Meskipun pengamanan sudah ada, namun Jokowi meminta agar ditambah agar hal serupa tidak terulang lagi.
"Meskipun sudah ada tetapi diberikan tambahan pengamanan agar peristiwa yg terjadi kepada Menko Polhukam Bapak Wiranto tidak terulang lagi," tuturnya.

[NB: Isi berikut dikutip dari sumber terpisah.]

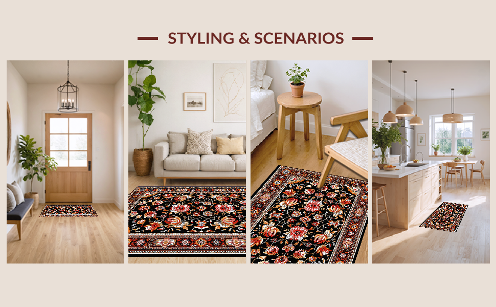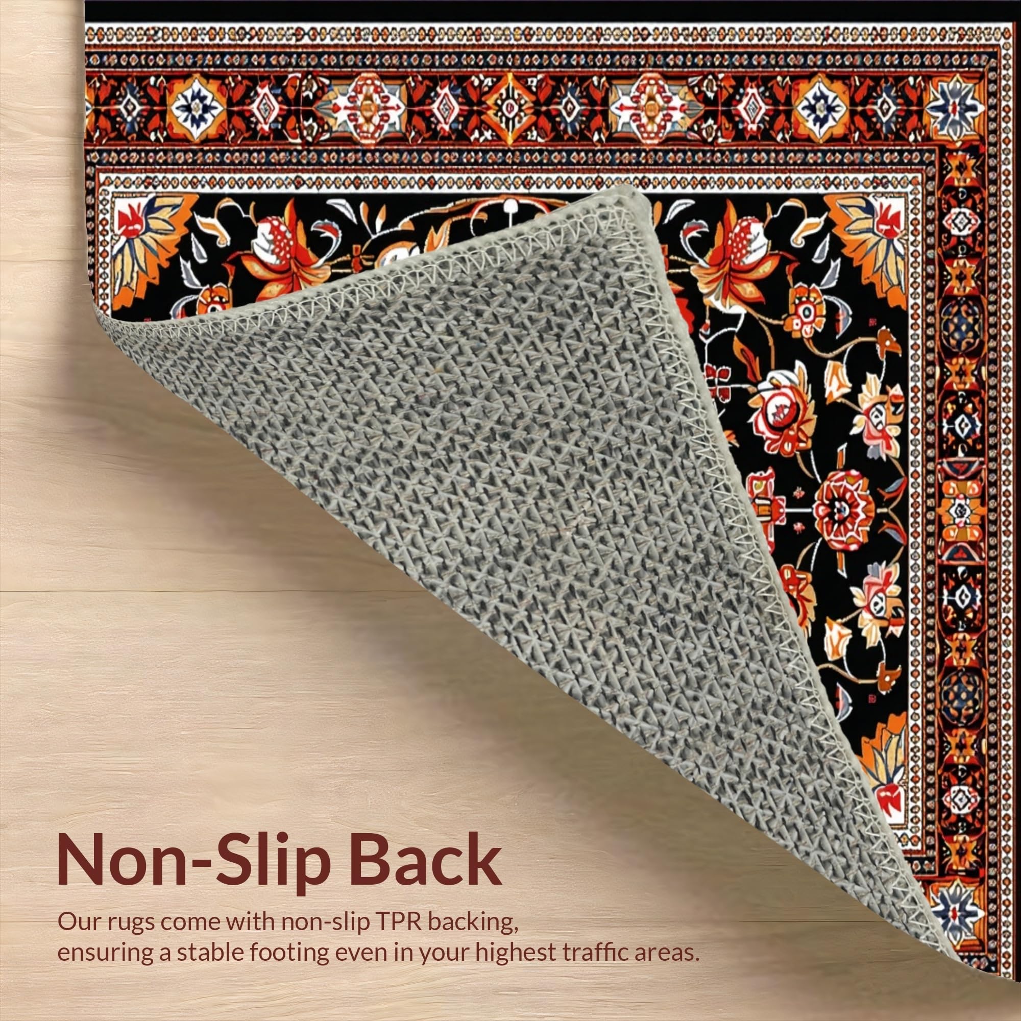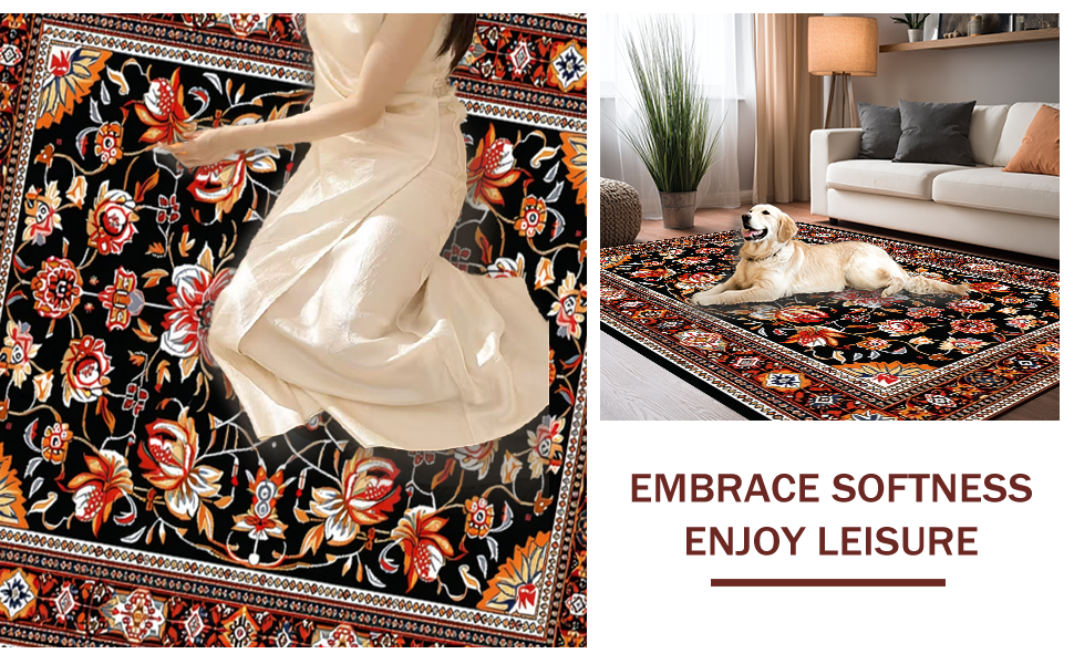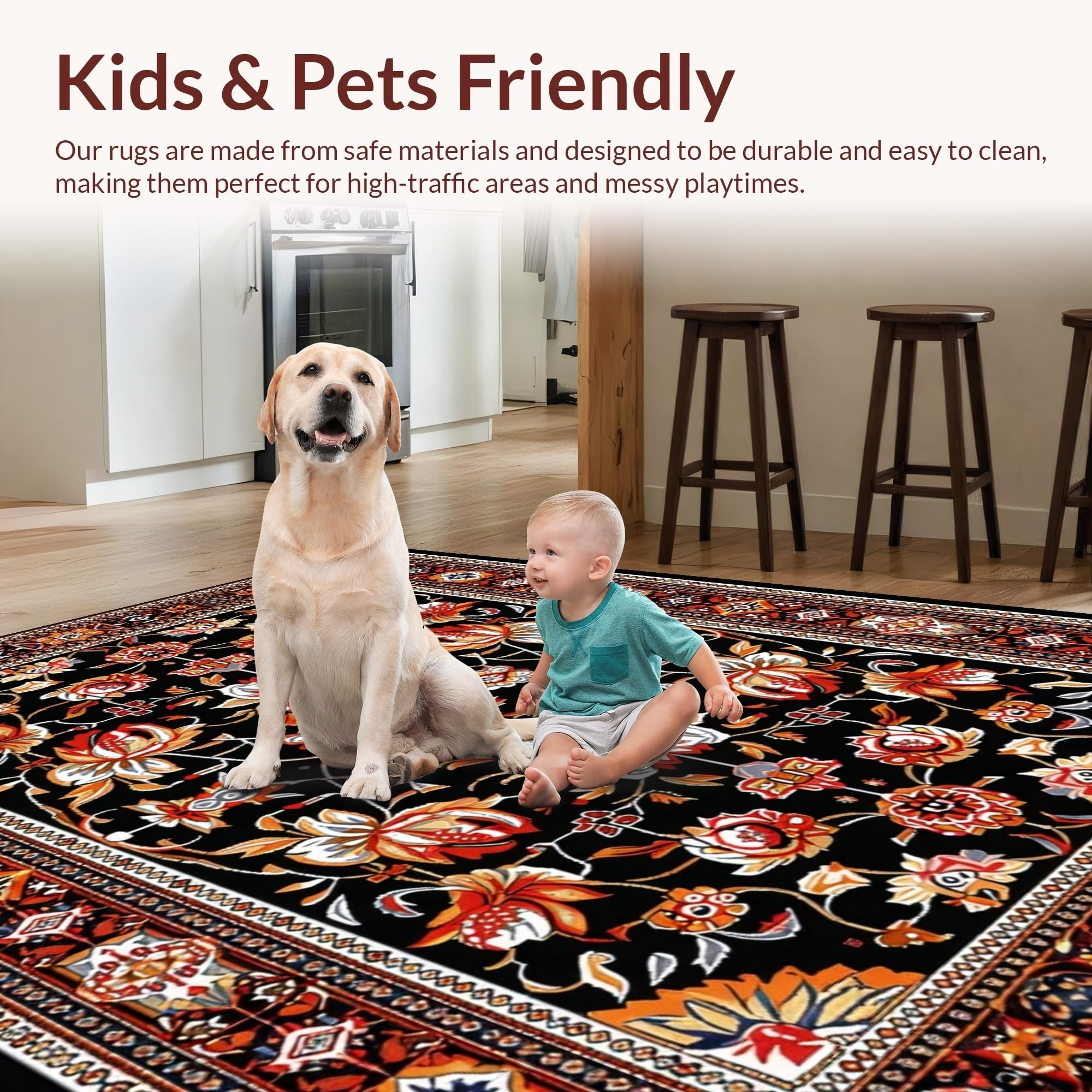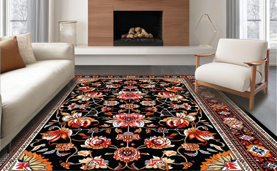 Ultra Soft Area Rug, Non Slip, Stain Resistant, Washable Area Rugs for Living Room, Bedroom, Vibrant Retro Geometric Fusion(Black) Overview:

Seperti diketahui, Menko Polhukam Wiranto ditusuk Syahril Alamsyah alias Abu Rara (31) di Alun-alun Menes, Pandeglang, Banten, Kamis (10/10). Saat beraksi Abu Rara didampingi istrinya Fitria Diana (21). Polisi dan BIN menyebut kedua pelaku bagian dari kelompok Jamaah Ansharut Daulah (JAD) Bekasi.
Wiranto mengalami kejadian ini ketika hendak kembali ke Jakarta menggunakan helikopter. Dia baru saja meresmikan gedung kampus Universitas Mathla'ul Anwar Pandeglang serta memberi kuliah umum. Ketika turun dari mobil Land Crusier tiba-tiba diserang.
Wiranto sempat dibawa ke Klinik Menes Medical Center Pandeglang, lalu dirujuk ke RSUD Pandeglang. Selanjutnya, dengan menggunakan helikopter dibawa ke RSPAD untuk menjalani operasi.
Selain Wiranto, Kapolsek Menes Kompol Daryanto, ulama Pandeglang, Fuad dan ajudan Danrem juga menjadi korban. Kompol Daryanto terluka diserang Fitria menggunakan gunting.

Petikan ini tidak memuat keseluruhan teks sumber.